This image from the white paper shows six science objectives. The coloured dots represent rotorcraft capabilities that address each objective. Green is for range, purple is access to hazardous terrain, and blue is access to the planetary boundary layer. The planetary boundary layer is an atmospheric boundary layer which extends ~5–10 km above the surface. It’s a previously inaccessible region of Mars that controls interactions between the atmosphere and the surface. Image Credit: NASA

The white paper also identifies science payloads and specific locations where the MSH could meet the scientific objectives. These are broken down into three mission concepts, with each one having different instruments. They are Clays and Astrobiology, Ice-Exposing Scarps, and Crustal Magnetism. These three objectives are well-known to Universe Today readers.

The instruments include sampling arms and microdrills, infrared imagers, neutron spectrometers, a meteorology package, a magnetometer, and a magnetometer.

This image from the white paper illustrates one of the mission concepts considered for a future MSH. The goals are to determine the relationship between recent climate change on Mars and the proposed Mars ice ages. It also includes mapping the horizontal and vertical distribution of accessible, near-surface water ice. Image Credit: NASA.

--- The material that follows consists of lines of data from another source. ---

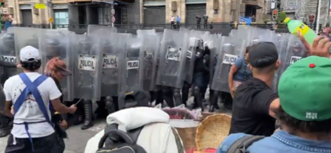Los elementos de la Secretaria de Seguridad Ciudadana (SSC) de la Ciudad de México, intentaron disolver la manifestación, sin embargo, los manifestantes les arrojaron botellas, hielos, palos y piedras.
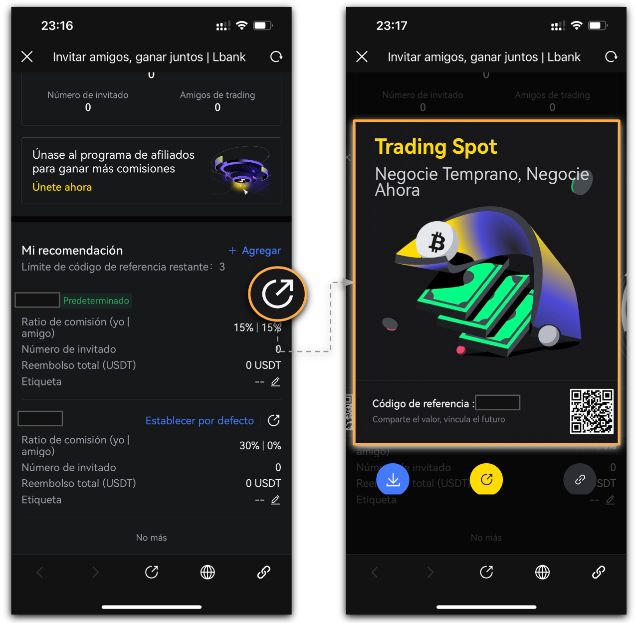 - Puedes copiar el [Código de referencia] o el [Enlace de invitación], y tocar [Invita a amigos] para obtener cartel compartibles.
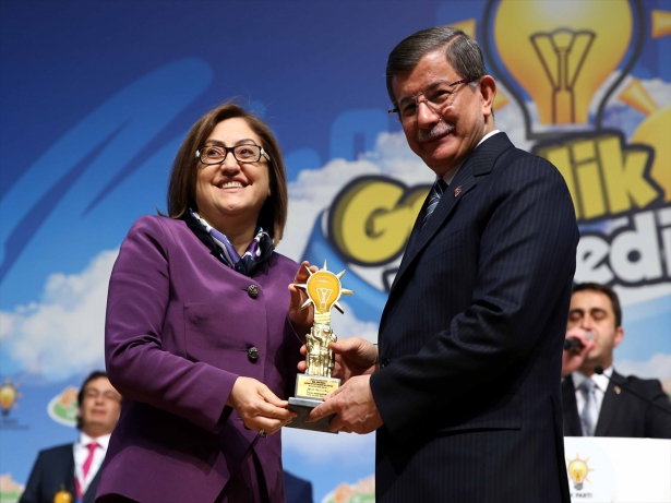 Gaziantep Büyükşehir Belediye Başkanı Fatma Şahin ödülünü, ATO Congresium'da düzenlenen "Gençlik ve Belediye" konulu 5. Yerel Yönetimler Sempozyumda Başbakan Ahmet Davutoğlu'nun elinden aldı.
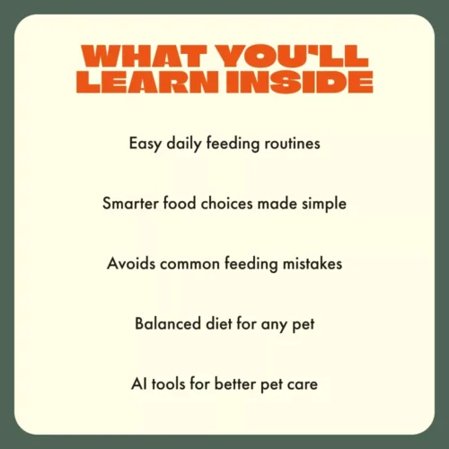 • Chapter 3: Common Mistakes and How to Avoid Them — Spot overfeeding signs, prevent “treat overload,” and discover how AI tools can help you manage feeding habits.
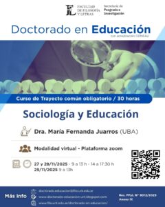 El Doctorado en Educación de la Facultad de Filosofía y Letras invita a doctorandas/os e interesados/as a participar del curso de trayecto común obligatorio “Sociología y Educación”, dictado por la Dra. María Fernanda Juarros (UBA)
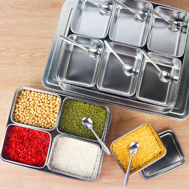 不锈钢调味盒商用厨房调料盒带盖收纳盒多格冰粉摆摊盒六格配料盒
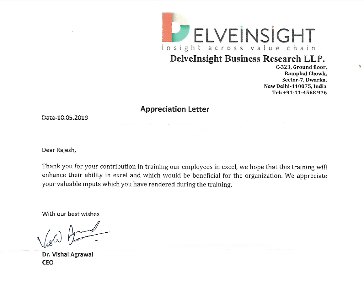 My Recognitions: DelveInsight Business Research LLP: The CEO Mr. Vishal Agrawal commended my successful 10-day training program for company employees.
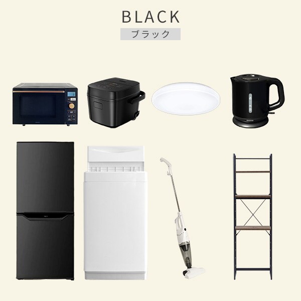 | 商品説明 | 【洗濯機】 ●容量:6.0kg(洗濯時)、1.5kg(風乾燥時) ●8つのコース搭載(標準・毛布・おいそぎ・ドライ・ソフト・つけおき・部屋干し・槽洗浄) 【冷蔵庫】 ●容量:106L(冷蔵室73L/冷凍室33L) ●年間消費電力量:268kWh/年(50Hz/60Hz) 【オーブンレンジ】 ●容量18L、フラットテーブル ●高周波出力:650W(60Hzのみ)/500W/200W相当 【炊飯器】 ●炊飯容量:3.0合炊き ●8種の炊き分けメニュー:省エネ、白米、早炊き、玄米、無洗米、炊込み、おかゆ、温度調理 【シーリングライト】 ●全光束:3600lm ●30分、60分OFFタイマー付き 【電気ケトル】 ●容量:1.0L ●空焚き防止機能搭載 【クリーナー】 ●スティック&ハンディの2WAY ●吸込仕事率:40W 【家電収納ラック】 ●棚やコンセントの高さを、モノに合わせて変更可能 ●2口コンセント付き(計1500Wまで)でよく使う家電や雑貨をすっきりひとまとめ ●ラック以外メーカー保証:1年間 |
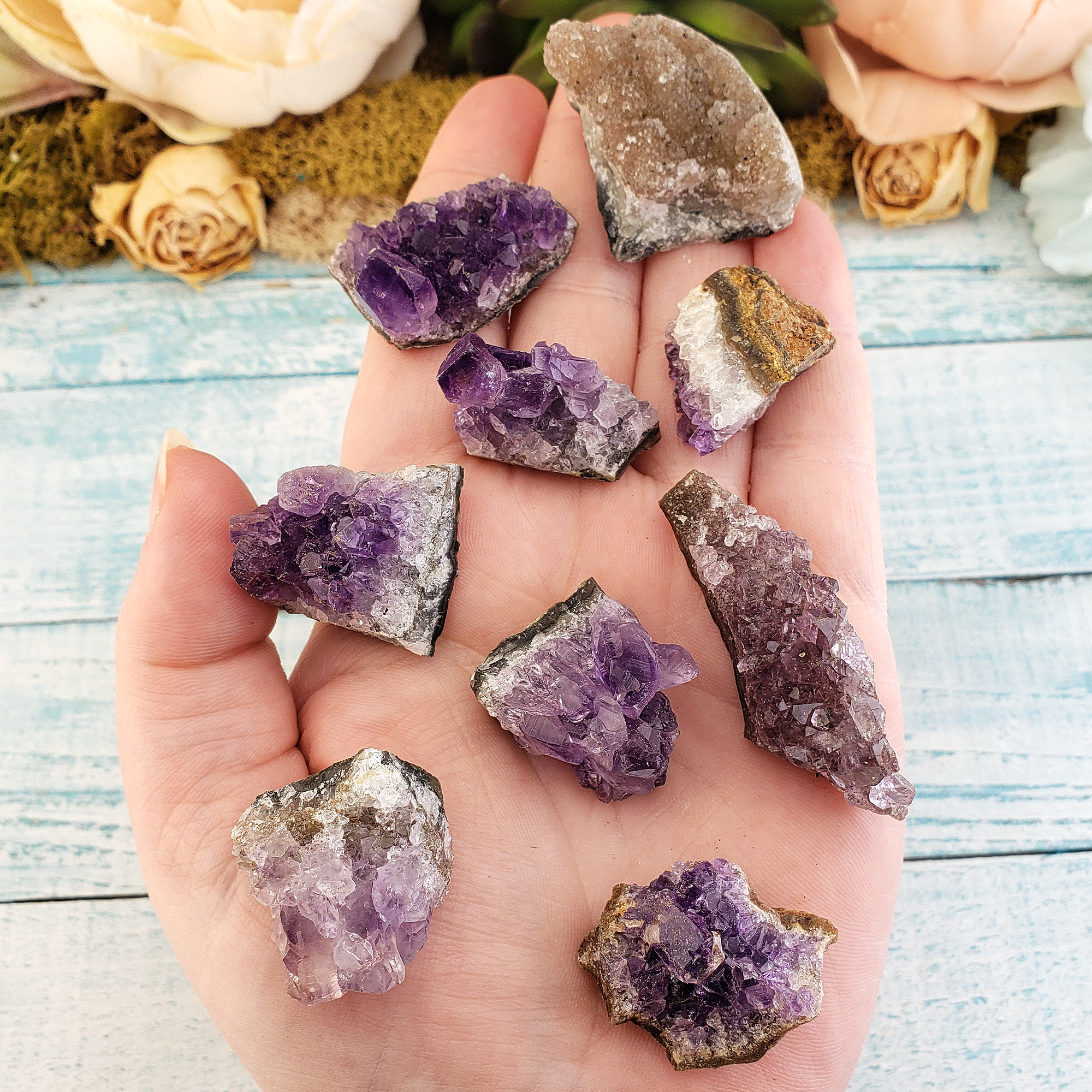 Since this item is sold by weight, the amount of raw Amethyst crystal clusters per bag will vary, but they typically hold between 2 and 10 mini crystal clusters depending on their size.
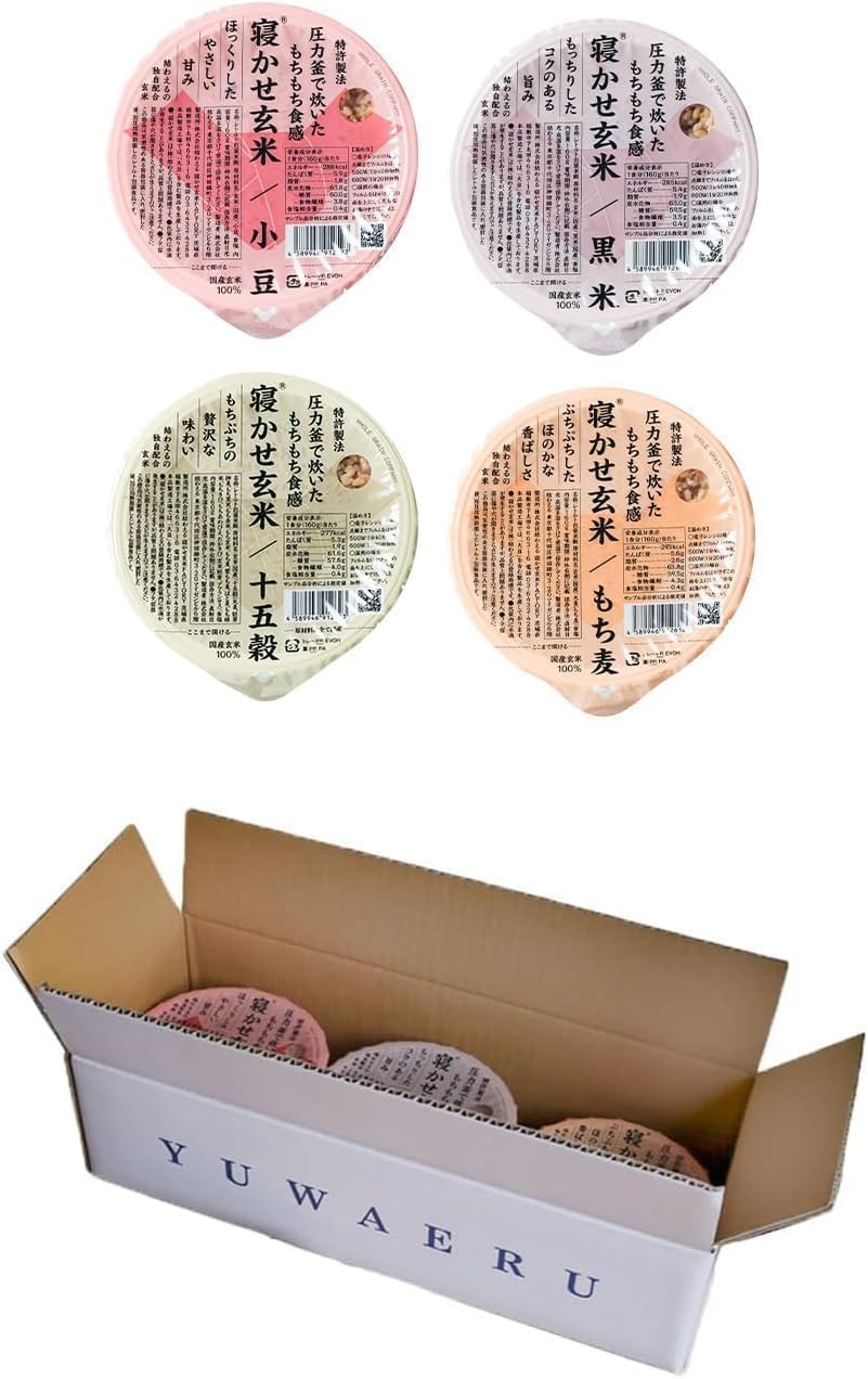 寝かせ玄米ごはんパック 4種ミックス 160g×12食 (小豆ブレンド/黒米ブレンド 各4食、もち麦ブレンド/十五穀ブレンド 各2食)|玄米 常温保存 パックご飯 備蓄 一人暮らし レトルト 雑穀 [1616]
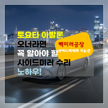 정식 서비스센터에서는 통째로 교체해야 한다고 해서 수십만 원의 비용을 요구하기도 합니다. 하지만 걱정하지 마세요! 오늘은 토요타 아발론 오너분들을 위해 사이드미러 수리 노하우와 함께 비용과 시간을 획기적으로 절약할 수 있는 방법을 알려드릴게요.
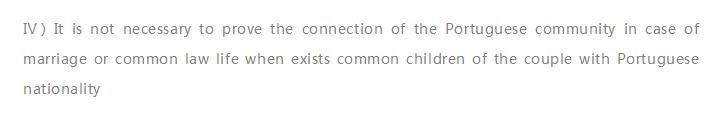 4.当拥有葡萄牙国籍合法结婚或事实婚姻的父母拥有共同子女时,无需提供参与葡萄牙社区联系的证明。

White papers are fascinating because they’re a window into all of the thinking that goes into an eventual mission design. As far as the authors are concerned, helicopters will likely be a mainstay of Mars missions. “The coaxial vehicle is sufficiently low-mass and low-volume that it should be considered in all future launch opportunities to Mars’ surface,” the paper says in its conclusion. “We recommend all possibilities be considered.”

This is an exciting time in Mars exploration. It’s hard to predict the effect rotorcraft will have on future missions. Maybe one day, a Mars mission will contain a stationary home base and multiple rotorcraft.

Maybe in the future, we won’t even send rovers to Mars.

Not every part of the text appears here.